III. Теперь возьмем третий случай. Допустим, что у нас имеется один и тот же индивид и различные кары и награды. Спрашивается, от чего зависит то обстоятельство, что не все кары и награды давят одинаково на поведение данного индивида, а одни влияют сильнее, а другие — слабее. Чем обусловливается это обстоятельство? Дать общий ответ на этот вопрос совершенно невозможно…
Правда, можно сформулировать этот ответ в таком виде:
Из двух или большего числа карательных актов та кара имеет большее влияние, которая кажется данному индивиду более страшной, жестокой, страдательной — вообще большей и количественно и качественно. Из двух или большего числа наградных актов та награда имеет большее мотивационное влияние, которая в данный момент является для него более желательной, приятной, нужной и вообще — лучшей и качественно и количественно.

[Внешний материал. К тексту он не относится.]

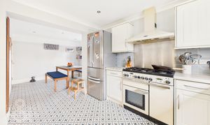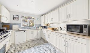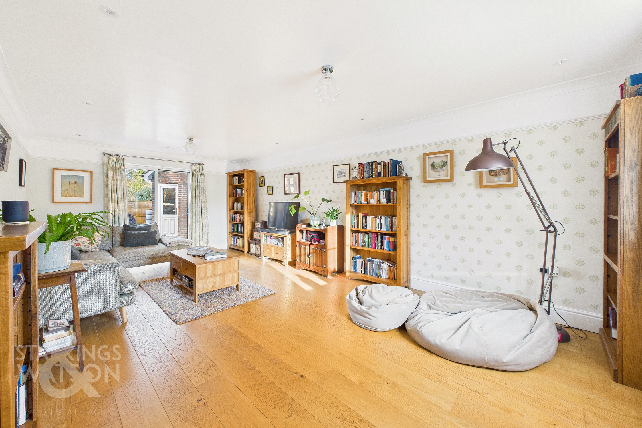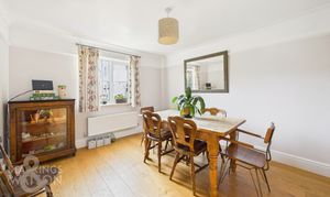 The central hallway is the first space to greet you within the home laid with solid oak flooring setting the tone for the remainder of the home. From here all three reception rooms can be found with the main and larger space to your right hand side coming in the form of a 22’ dual aspect sitting room which backs onto the garden through uPVC double glazed sliding doors and allows natural light to fill the room. Due to its large conventional size, a potential choice of layouts can be had within this space. To the left hand side of the central hallway a separate dining room can be found with a continuation of the hard wearing solid oak flooring ideal to be used as a formal dining room however does hold potential to be changed into a snug/sitting room, children's playroom or ground floor study if wished. Just behind the stairs for the first floor is a functional two piece WC with low level radiator and corner wash basin. The kitchen/dining room opens up just beyond this again with another dual facing aspect. This room is incredibly well lit in part with the tasteful décor where initially the floor space opens up to allow room for a breakfast and dining table with the kitchen sat towards the rear of the home comprising a mixture of wall and base mounted storage units set with tiled splashbacks with space remaining for multiple freestanding appliances with a handy utility room sat just off to the side with further wall and base mounted storage units and space with plumbing for a washing machine or tumble dryer with a secondary access door taking you to the rear garden.
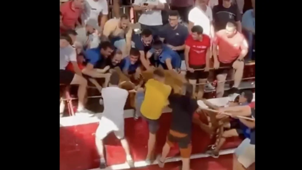Durante un festejo taurino en Cadreita, España, un toro saltó desde el ruedo hasta el graderío, desatando pánico entre los presentes.
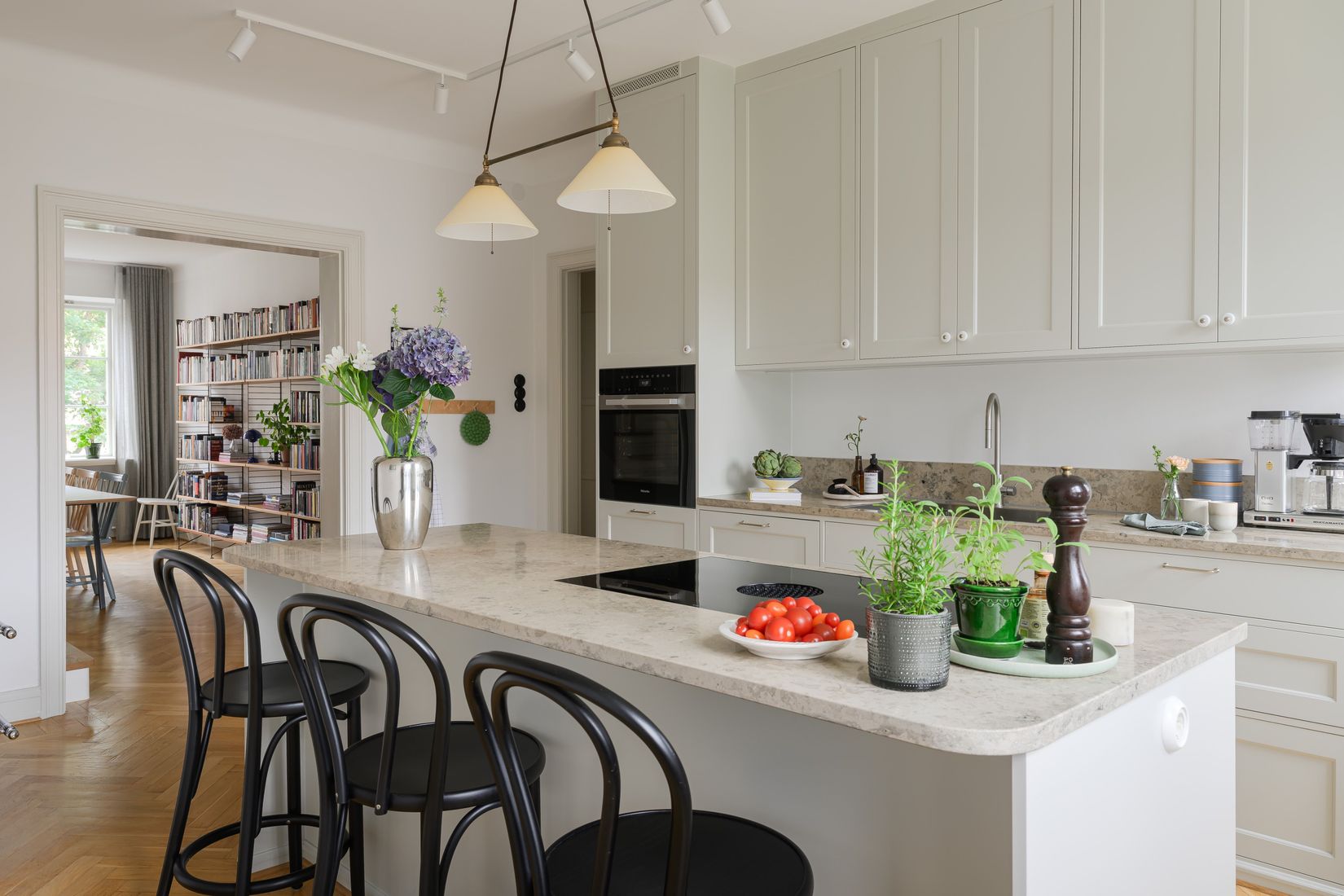 Redan vid första steget in slås du av ljuset, rymden och de klassiska kvaliteterna som sekelskiftesarkitekturen skänker: takhöjd, eleganta linjer och de stora fönsterpartierna med spröjsat glas som släpper in rikligt med dagsljus och ramar in rummen som levande tavlor. På nedre plan breder en tidlös fiskbensparkett i ek ut sig och bildar en scen för både vardagsliv och fest. Här finns generösa sociala ytor där middagar blir till upplevelser och vardagen får ett extra lager av skönhet.
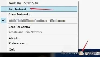 2、以Windows平台为例,打开zerotier后,鼠标右键点击桌面右下角zerotier任务栏小图标,然后鼠标点击“Join Network”。
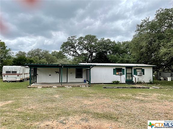 Whether you're looking for a peaceful weekend getaway or to downsize and simplify your lifestyle, this rustic cabin is a rare opportunity in the lovely, secluded Canyon Estates amidst the beauty of nature, and just 7 minutes from historic Goliad. Although there are no dedicated bedrooms, there are 2 rooms that could easily function as such, one of which with an attached bathroom (non-functioning at this time). The acreage, in addition to a plethora of lovely, mature oak trees, is fenced and cross fenced with 4 water spigots around the property, and an area which was previously used for Barbado sheep, along with a separate shop and storage container under one roof, an 8'x16' Morgan building, and a non-functioning travel trailer that Sellers will leave or remove, at the Buyer's discretion. This property is just waiting for your special touch and imagination. NOTE: black utility trailer is excluded; water well was rebuilt in 2021; and septic system was pumped in 2017. Property is being sold AS IS.
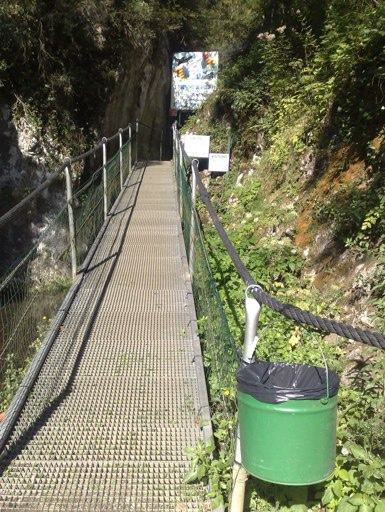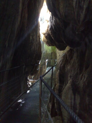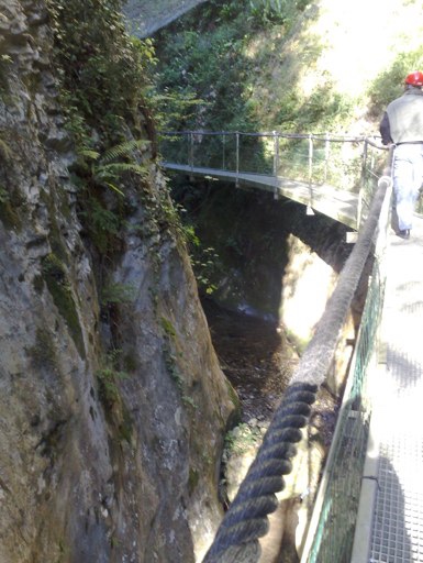 Nous avons eu la chance de visiter cet endroit deux fois par beau temps et sous la pluie, munis de notre casque pour nous garantir des jets de pierres pourtant protégés par un filet.
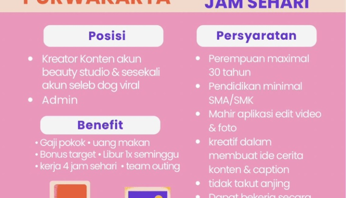 Lowongan Kerja Part Time Content Creator & Admin di Beauty Studio Purwakarta 2026
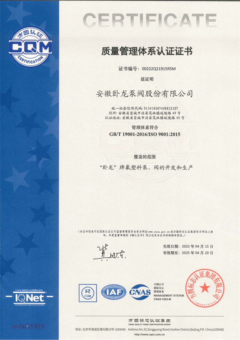 安徽臥龍泵閥股份有限公司:氟塑料泵閥產品生產和研發專家
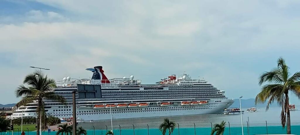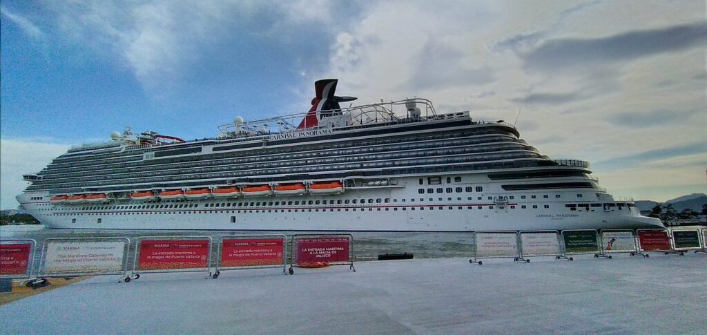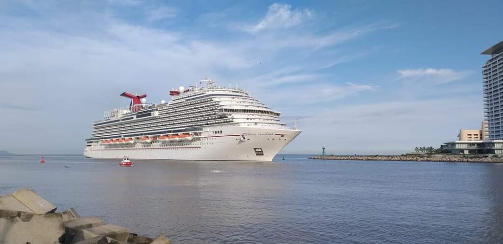 Puerto Vallarta, Jal.- Procedente del Long-Beach, California, el crucero Panorama, de la naviera Carnival Cruices atracó este martes en el puerto de Vallarta con más de 3 mil pasajeros a bordo, reiniciando con ello la actividad naviera luego de más de un año de que fue suspendida debido a la pandilla de coronavirus.

Но это положение, будучи верным в общем, все же содержит в себе ряд иксов, которые для точности необходимо было бы раскрыть. Одним из таких иксов является вопрос: в силу чего тот или иной акт кары кажется данному индивиду более страшным, чем другой? и почему тот или иной наградной акт является для него более желательным, чем всякий другой? Могут на это ответить, что данный вид кары, например смертная казнь или сдирание кожи и вырывание ногтей, причиняет большее страдание, чем всякий другой, например лишение чести или заключение в тюрьме. И наоборот, данная награда более желательна (а потому и более сильно влияет на поведение индивида), потому что она удовлетворяет более интенсивную потребность его…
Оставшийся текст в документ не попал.